Rudd has broken all four. Tonight’s 7.30 report is the evidence.

Because Rudd admitted to mistakes he has not made, it allowed Kerry O’Brien to ask Gillard where she has failed and to comment on where her colleagues like Nicola Roxon the Health Minister, and others may have failed. O’Brien even cheekily referred to the PM as “Kevin ‘I’m sorry’ Rudd”. Gillard was understandably unimpressed, and as a result broke the corporate line (see rules 4 and 5). There was also plenty of footage of Rudd standing beside Gillard looking completely disengaged whilst she explained what he really meant. (Try this at around 4:25) That breaks rule number three.

Journalists don’t behave like this unless the beast is badly wounded.
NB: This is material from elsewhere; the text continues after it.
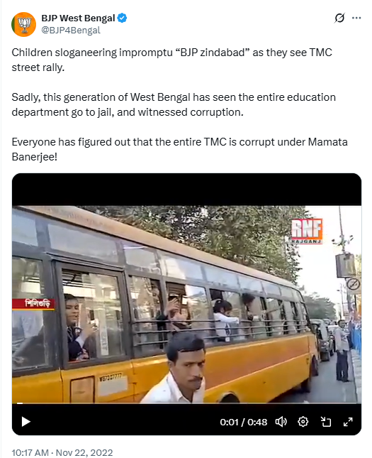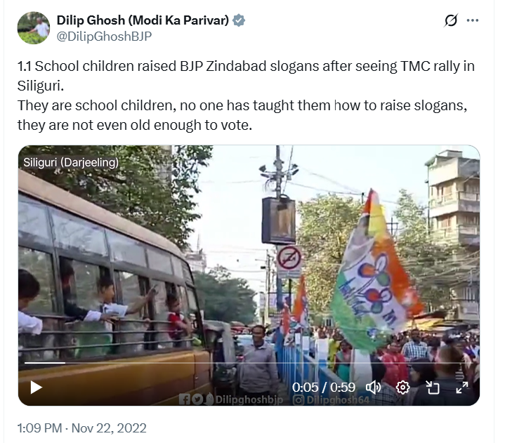 स्कूली बच्चों द्वारा ‘वोट चोरी’ के खिलाफ निकली रैली के दौरान भाजपा के समर्थन में नारे लगाए जाने के दावे की पड़ताल के लिए हमने वीडियो के कीफ्रेम्स को रिवर्स सर्च किया। इस दौरान पश्चिम बंगाल के भाजपा नेता दिलीप घोष के एक्स हैंडल से 22 नवंबर 2022 को पोस्ट किया गया यह वीडियो मिला। वीडियो में झंडा लिए भारी संख्या में महिलाएं और पुरुष बस के सामने वाली सड़क से गुजर रहे हैं। पोस्ट के कैप्शन में उन्होंने लिखा है, “स्कूल के बच्चों ने सिलिगुड़ी में टीएमसी की रैली को देखकर “बीजेपी ज़िंदाबाद” के नारे लगाए। वे तो सिर्फ स्कूल के बच्चे हैं, किसी ने उन्हें नारे लगाना नहीं सिखाया है, और उनकी अभी वोट देने की उम्र भी नहीं हैं।” इससे इतना तो स्पष्ट है कि यह वीडियो करीब तीन साल पुराना है और हालिया ‘वोट चोरी’ विवाद से संबंधित नहीं है।

You can just hear the producers pleading with the PM’s office – “Look we can’t guarantee that Mr OBrienwon’ refer to him as “Kevin ‘I’m sorry’ Rudd” but can you persuade your boss to come on?” It’s not as though the ABC has even a significant share of the audience that Rudd needs to win the next election, so O’Brien is taking a calculated risk that Rudd is so weak that upsetting him doesn’t matter.

Rudd’s colleagues (I suspect he uses the term advisedly) will be watching this footage. Can he recover? Should they move now? What are the risks that Abbott will win the next election? They should not be quick to install Gillard to the office, despite what polls and her boosters might say.

Rudd and Gillard are a little like Hawke and Keating, but “off Broadway”. Rudd has tried to be the great conciliator and bring everyone together and deserves credit for that. Hawke was an elitist, but he managed to takeoff an average bloke pretty well. Rudd is an elitist who will never manage the trick, no matter how many people he calls “mate”. Gillard is the point person. And whereas Keating had a manic turn of phrase that could reverse the flow of public opinion Gillard delivers multiple stab wounds in a voice which suggests her father or her mother had Dalek DNA.

What a dilemma to have. And yet today’s Newspoll suggests that things may not be so bad afterall!